2-s2.0-85097027320 (requires institutional sign-in at Scopus site)   19 Citations

Abstract

BACKGROUND: Treatment of ganciclovir-resistant (GCV-R)/refractory cytomegalovirus (CMV) infections in blood/marrow transplant (BMT) and solid organ transplant (SOT) recipients remains suboptimal. Cidofovir (CDV), a nucleotide analogue with anti-CMV activity, is nephrotoxic and oculotoxic.

METHODS: We retrospectively evaluated the outcomes of SOT and BMT patients with GCV-R/refractory CMV treated with CDV between 1/1/2008 and 12/31/2017.

DATA COLLECTED: baseline demographics, CMV serostatus, clinical and virologic presentations and outcomes, UL97 and UL54 genotype mutations, drug toxicities, and cause of death. Descriptive statistics were used.

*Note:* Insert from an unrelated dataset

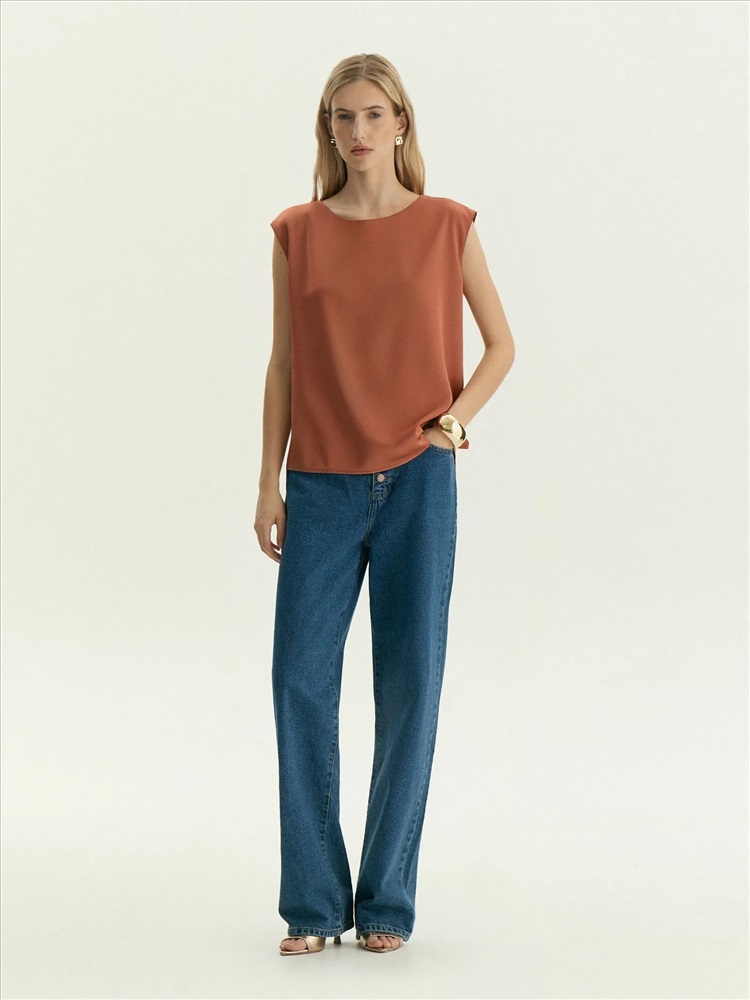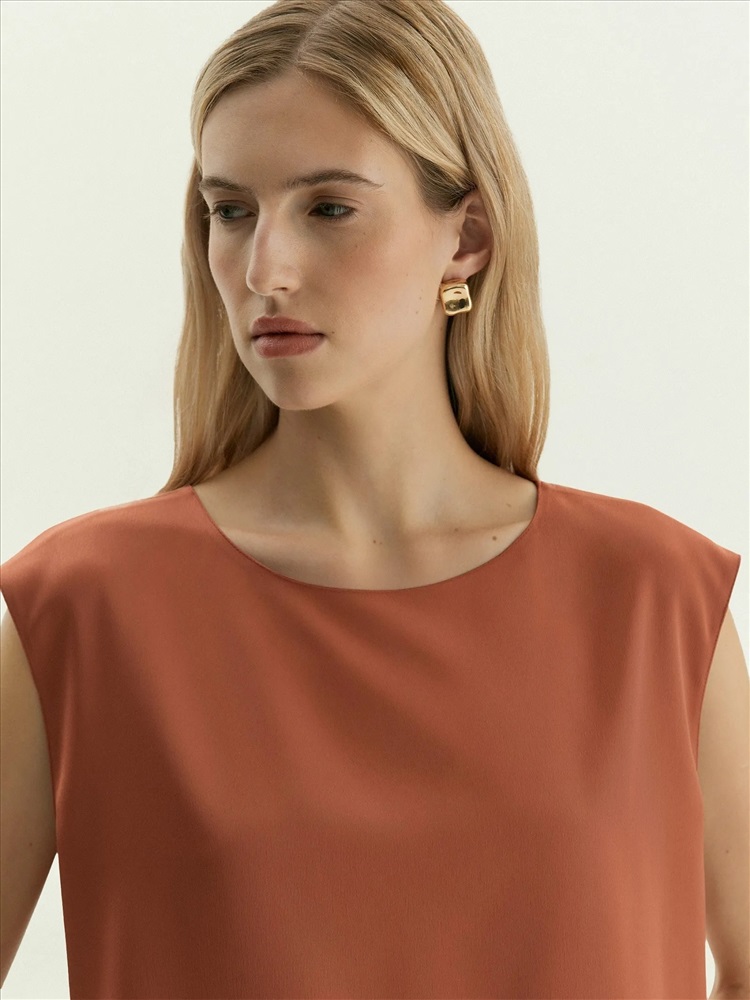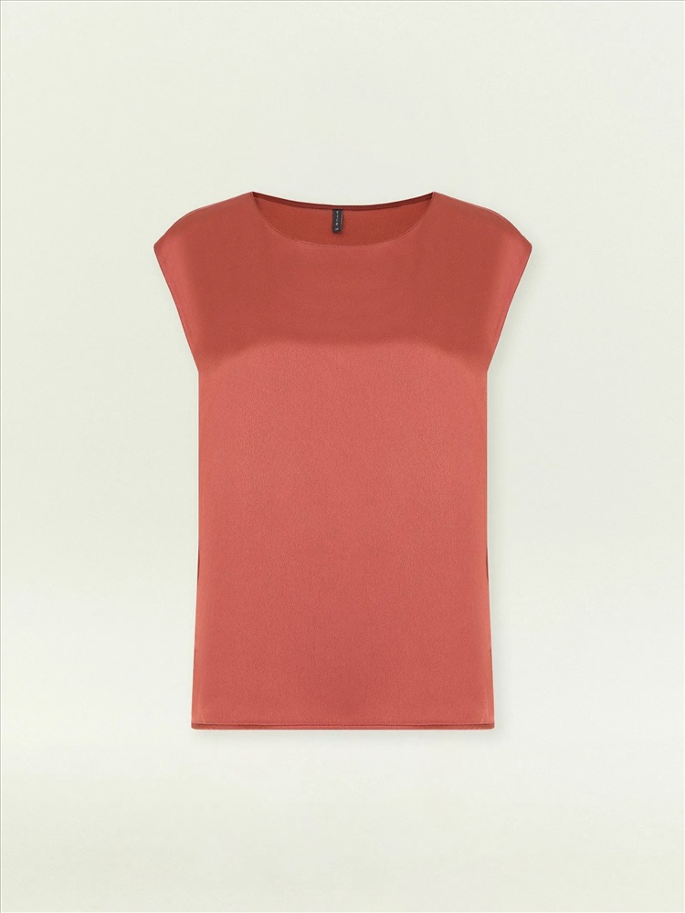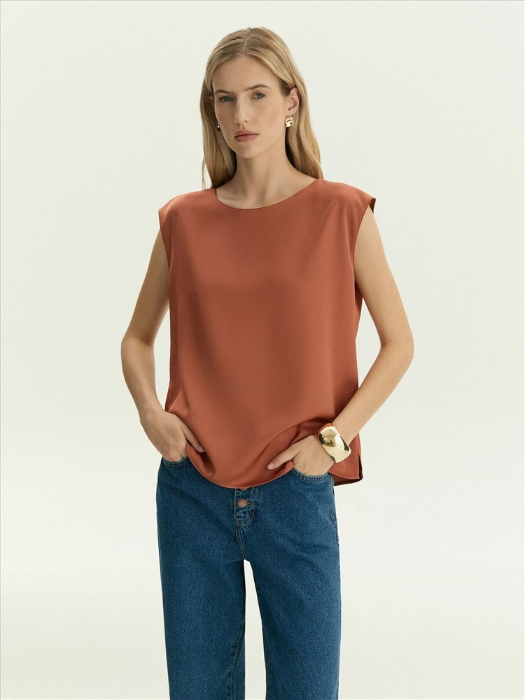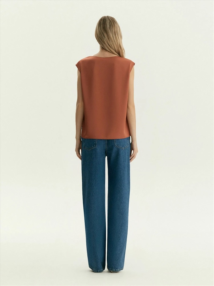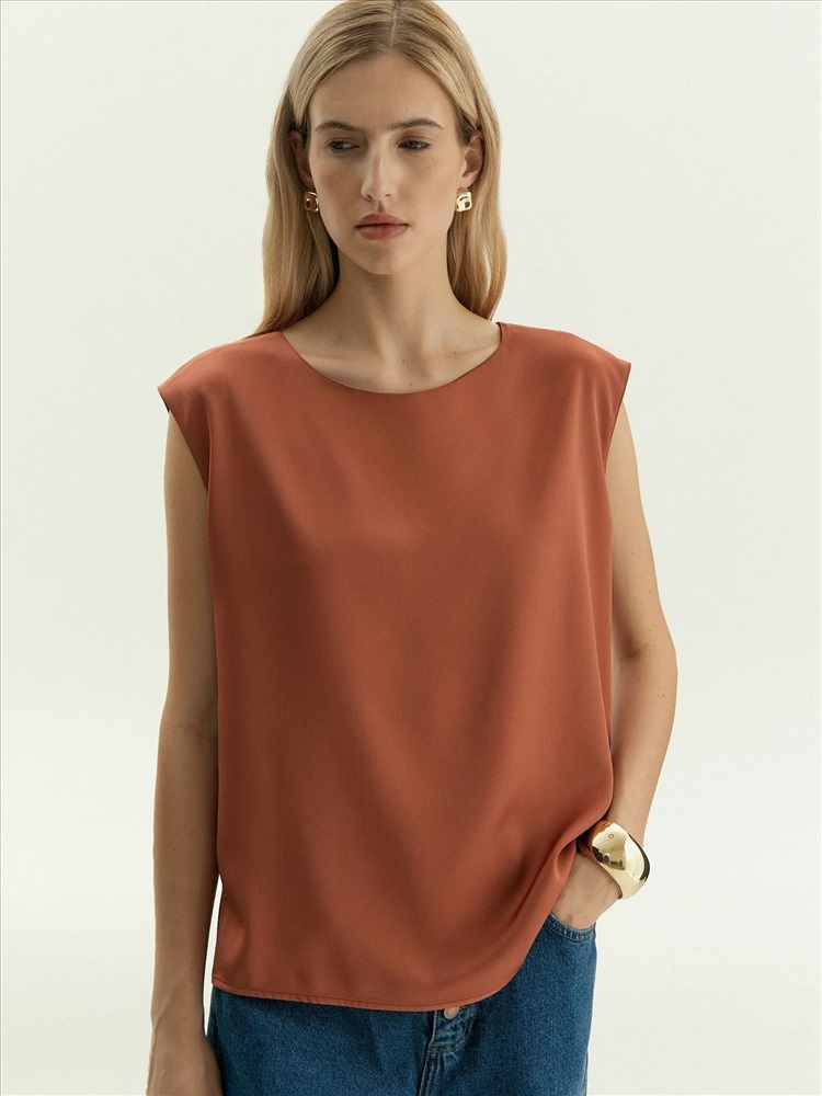 Топ в согревающем цвете между терракотовым и апельсиновым. Удобная модель без рукавов идеальна под жакеты. Прямой силуэт подойдёт любому типу фигуры. Топ станет лаконичным дополнением деловых и ежедневных образов. Выполнен без подкладки.

RESULTS: 16 patients received CDV for treatment of CMV: six BMT and 10 SOT. Seven (47%) of the patients had high-risk donor/recipient serostatus: six (60%) SOT were D+/R-; one (16.7%) BMT was D-/R+. Median time to CMV DNAemia was 131 days post-transplant (IQR, 37.5-230.3). Proven tissue invasive disease was present in three patients (18.8%). Twelve (75%) had genotype testing; 10 (83.3%) of those had antiviral resistance mutations. While on CDV, six (37.5%) developed nephrotoxicity, and four (25%) developed uveitis (two had both uveitis and nephrotoxicity). Eight (50%) had failure to clear CMV DNAemia despite CDV treatment. Eight (50%) of the patients died; median time to death, after initiation of CDV, was 33.5 days [IQR22-988].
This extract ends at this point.